TASK GOAL
Skip every picture, and copy exactly the lines from the one containing "3、打开【隐私】,开启【定位服务】" to the end of the data.

PROVIDED MATERIAL
★ ★ ★ ★

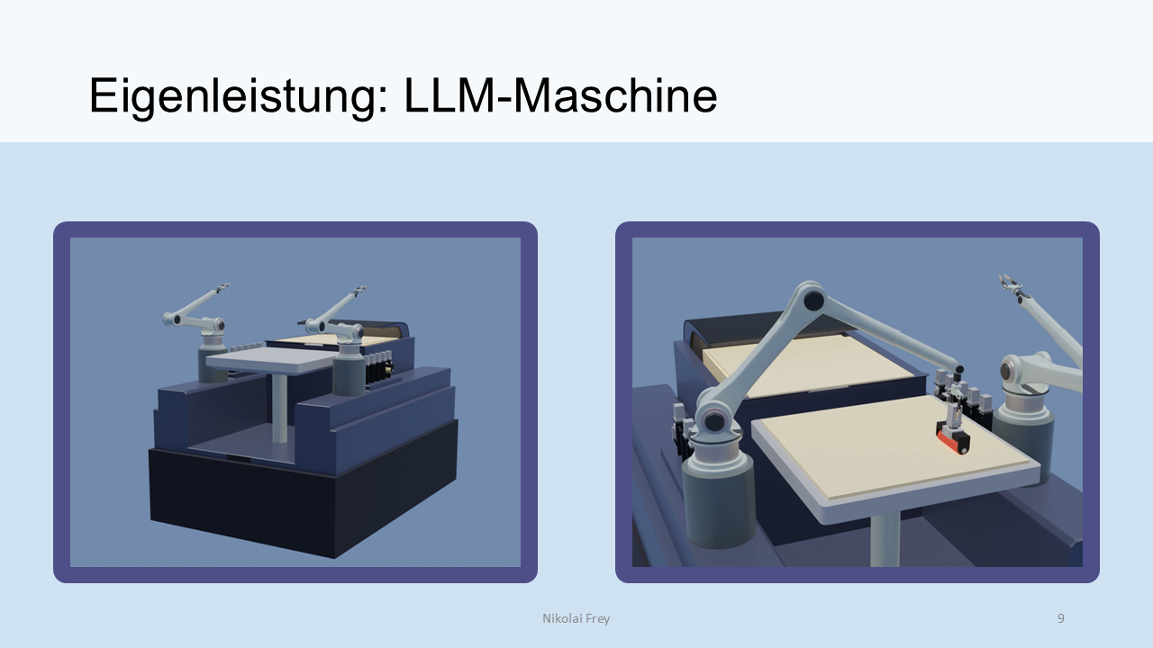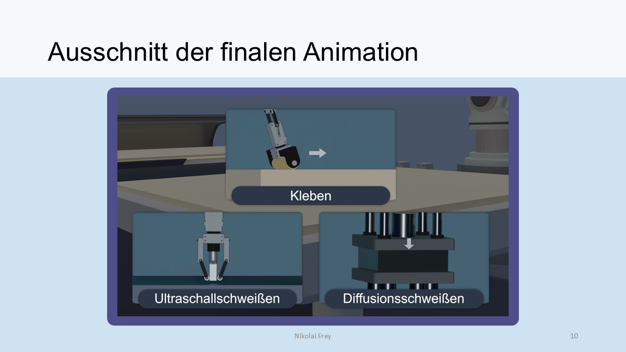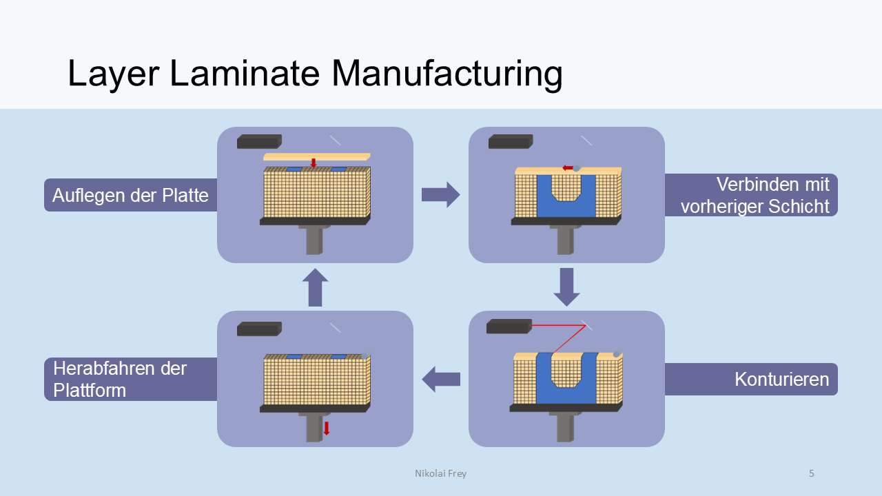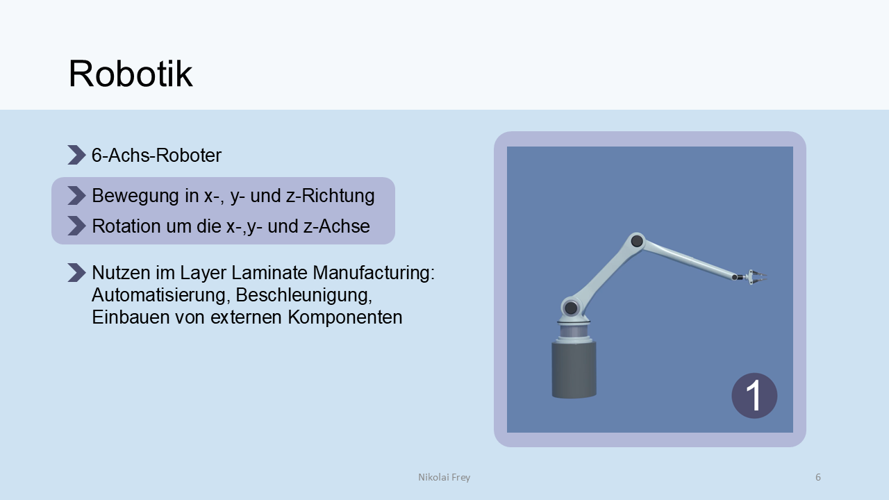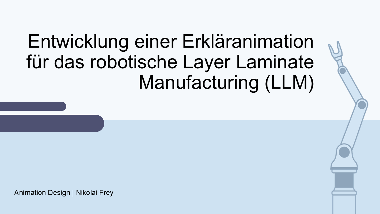 Diese PowerPoint-Präsentation wurde nebenbei zu dem Erklärvideo von dem robotischen Layer Laminate Manufacturing erstellt und soll Teile des Gedanken- und Arbeitsprozess zusammenfassen. Neben dem Layout wurden auch alle weiteren Grafiken selbst erstellt, der Fokus dabei war, dass auf so viel Text wie möglich verzichtet werden sollte und durch Bilder und Erzählung der Inhalt verstehen werden soll.
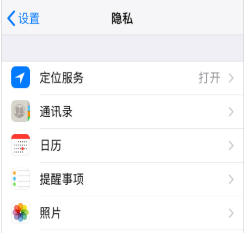 3、打开【隐私】,开启【定位服务】
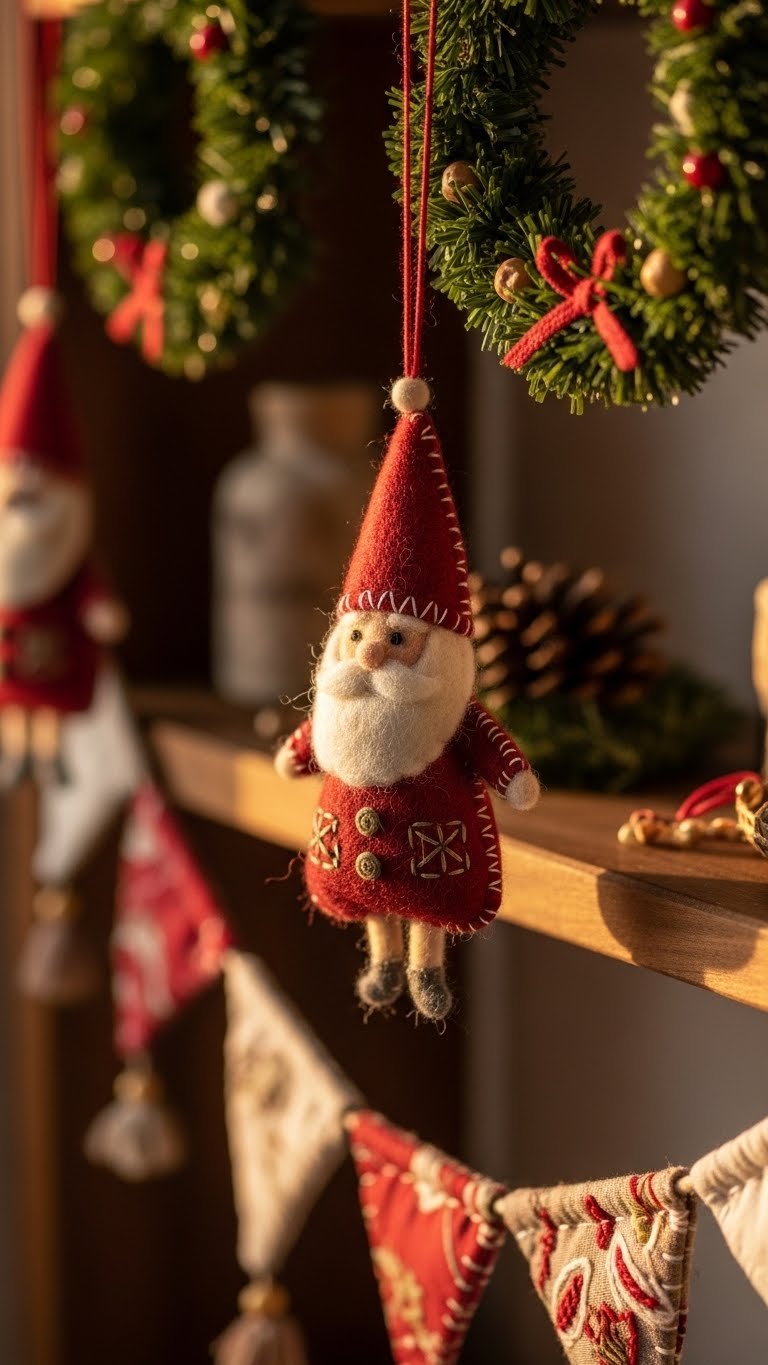 After the playful candy-and-mushroom garland, bring a touch of storybook charm with a felt Santa fairy-tale dangle that feels handmade and heirloom-ready. You’ll hang it among mini wreaths and fabric garlands to create layered, wanderlust-ready vignettes. Choose muted reds, soft creams, and stitched details so the piece reads nostalgic but modern; it invites playful freedom and tactile warmth on your shelf.

★ ★ ★ ★

YOUR RESPONSE
 3、打开【隐私】,开启【定位服务】
 After the playful candy-and-mushroom garland, bring a touch of storybook charm with a felt Santa fairy-tale dangle that feels handmade and heirloom-ready. You’ll hang it among mini wreaths and fabric garlands to create layered, wanderlust-ready vignettes. Choose muted reds, soft creams, and stitched details so the piece reads nostalgic but modern; it invites playful freedom and tactile warmth on your shelf.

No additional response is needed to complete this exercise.